The iciness of space seemed to be seeping into the cockpit, chilling Darren to the core. He felt rivulets of sweat under his helmet run through his hair and soak his neck, making the shivering worst. He “told” the sub-suit under his armor to increase temperature.

Another alien fighter appeared from above and joined its wingman in pursuit, arcing inside Darren to the right, closing range and spewing wide volleys of laser fire. Darren rolled his beast to the left, as if to bank to port, then suddenly sped off to the right, but both Vorvons stayed with him.

He jerked the Dragonstar up with a suddenness that caused him to bang his helmet on the thought-computer terminal behind his head. Jorge’s fighter suddenly went across Darren’s windshield, and one of the Vorvons died, victim of a well-aimed blast into the cockpit. He heard Jorge scream something triumphant in Spanish as Jorge swung around wide to catch up, but Darren and his remaining adversary were already over the horizon.

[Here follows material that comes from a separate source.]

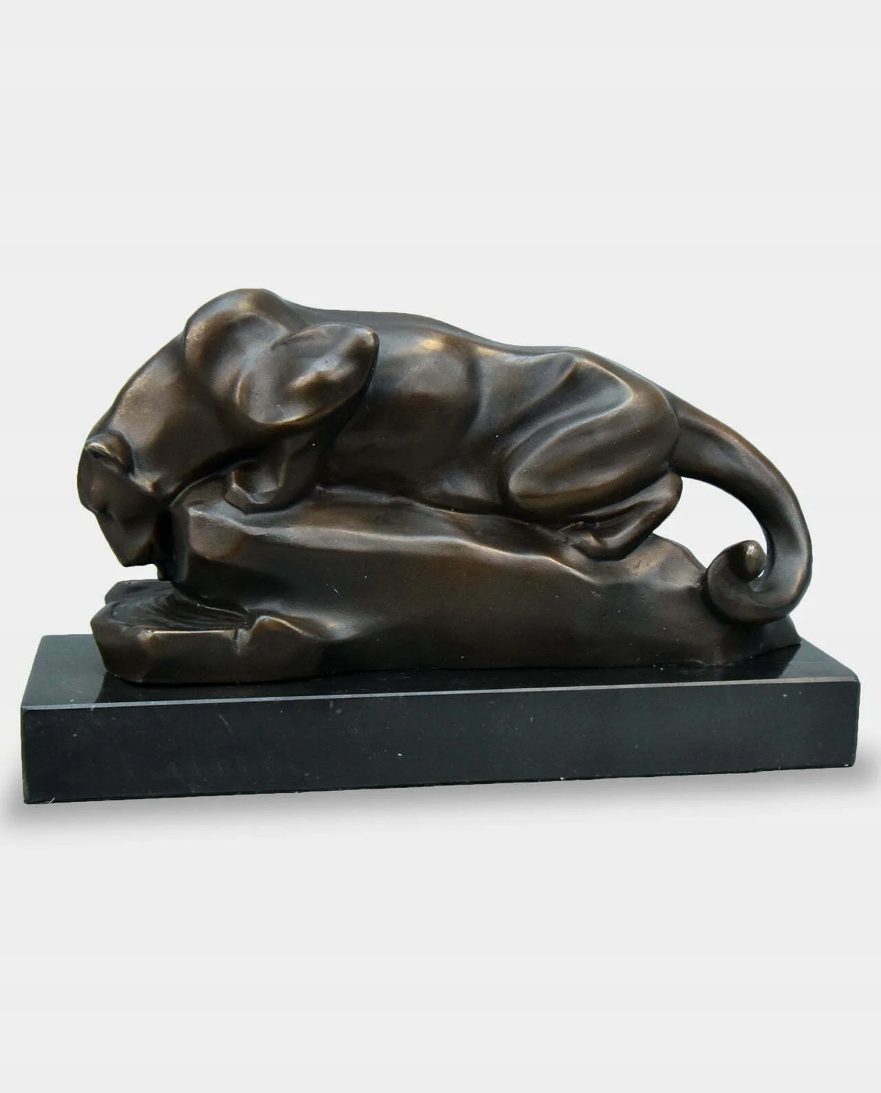 Модернистская бронзовая скульптура, изображающая пантеру на питьевой воде. Красивая, подписанная скульптура, сделанная из эксклюзивного материала, очень точно, с вниманием к наименьшим деталям. Пометочно на основе черного мрамора. Фигура производит огромное эстетическое впечатление и имеет вечный стиль. Подходит много интерьеров.

This last alien did not want to give up on his human opponent. Darren could only roll back and forth to stall the alien’s best firing position that it would achieve in just a few more seconds. C’mon, Darren, he thought to himself, put this fucker in your pocket! Three volleys of laser fire went wide to his starboard. With a last hope in mind, he accelerated to full velocity to gain some distance and spun his fighter around in another Snap-Yaw. The alien saw what Darren had done and shoved itself to port to escape, but a pair of laser blasts caught it square. The vehicle flared into a comet and sailed into Io’s molten surface.

Sryik-of-the-Three-Suns did not react to his close comrade’s death but only watched closely. It was right on the human’s tail, but it did not fire. Not yet. Wait. It even suppressed the urge to open the comm and taunt the human in its own tongue with the translator.

But not yet.

Sryik-of-the-Three-Suns checked the power level to its Dragonstar’s invisibility cloak and saw that it had sufficient power——and time——remaining. It summoned four deathfish to join it for the final kill.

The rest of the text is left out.